Many Vietnam veterans were disengaged from the VA after returning home from the war, Porter said. While many know about possible effects of Agent Orange exposure for themselves, they don’t realize their children could have been affected as well. And because veterans are scattered across the country, it is harder to identify disease “clusters,” groups of people with unusual diseases that might have been caused by an environmental exposure.

Mokie Porter (seated, holding microphone) answers questions from one of an audience of about 150 veterans gathered at last week's meeting in Morrisville.
Mokie Porter (seated, holding microphone) answers questions from one of an audience of about 150 veterans gathered at last week’s meeting in Morrisville. Photo credit: Rose Hoban

So Porter encourages veterans to file claims for compensation, even if a child’s problem has not yet been found to be connected to Agent Orange exposure.

“We need to show that there’s a problem,” she said. “If they see the volume, there’s more of a reason to address the issue.”

“At first with Agent Orange, the feds denied there were all these problems,” said Deborah Musolino from the Wilmington chapter of the Associates of Vietnam Veterans of America, who drove up for the meeting.  “Now there are so many veterans that are coming up with illnesses and disease.”

She said as scientific evidence has accumulated, the VA has continued to add to the list of illnesses recognized by the VA as related to Agent Orange.

Musolino said that national organizers are encouraging veterans to file claim for their children’s health problems. And even if those claims are denied, at some point in time the scientific evidence may show there is a connection to Agent Orange.

“File a claim; they’ll deny it. But maybe at some point, they will accept it,” Musolino said. “What happens with the VA is that from the date of application they go back, and that’s when you get the compensation; the date of application, not the date that the claim is approved.”

“It might take years and years. But if there is an award given, we’re hoping these children and grandchildren may receive some benefit.”

Key state

“The population is a little more amenable to coming forward and being part of organizations and potentially getting access to care, where years ago they wouldn’t have,” said Allan Perkal, who drove down to Morrisville from Asheville. Perkal is a Vietnam veteran and a retired counselor who worked with his compatriots with post traumatic stress disorder.

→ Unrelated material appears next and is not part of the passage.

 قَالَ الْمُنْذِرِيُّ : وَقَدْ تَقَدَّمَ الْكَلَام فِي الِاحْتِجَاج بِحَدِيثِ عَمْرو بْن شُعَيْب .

He’s planning on arranging another town-hall meeting in Asheville this fall, while Musolino is planning a meeting for this summer in Wilmington.

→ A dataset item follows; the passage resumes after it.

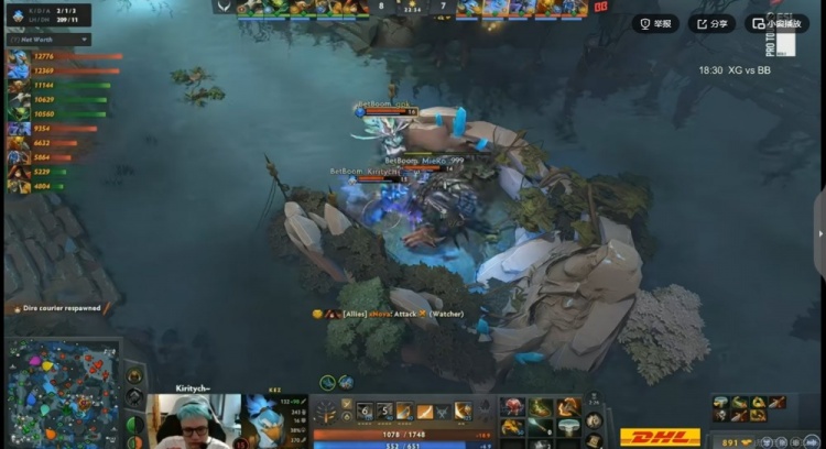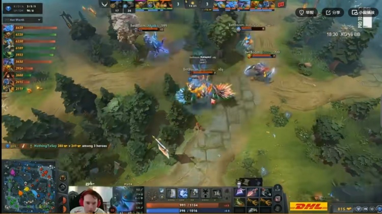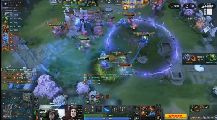 【14分钟】XG下路又想拆塔又想去抢经验符,结果gpk帕克捆住Ame斯温,残局NTS毒龙也被追死!这波BB直接强杀XG双大哥,一波0换2拿下经济领先!

Of the 735,000 veterans who live in North Carolina, 256,000 of them are Vietnam-era veterans.
Of the 735,000 veterans who live in North Carolina, 256,000 of them are Vietnam-era veterans. The median age of North Carolina’s veterans is 61 years old. Data courtesy Carolina Population Center

North Carolina has a large percentage of veterans. According to data from the Carolina Population Center at UNC-Chapel Hill, the state has more than 736,000 veterans living here, 35 percent of whom were in Vietnam (about 256,000 veterans).

When asked if veterans really don’t know yet about Agent Orange, Perkal said it was surprising how many veterans didn’t think the problem applied to them.

“There’s a major aspect of avoidance and denial and things they haven’t done with their health or things they’ve done to aggravate their health issues, but not gone in for treatment,” said Perkal, who noted that many veterans felt mistreated by the VA system when they first returned from the war and never sought further help from the VA. “They’re out there; they’re by themselves, feeling alienated from things that could help them out.”

Perkal said he was looking forward to getting more meetings organized and getting the word out among his network in Western North Carolina.

“The word coming from other veterans always makes a difference, because the trust issues are always a problem with Vietnam veterans,” Perkal said. “It’s one veteran at a time.”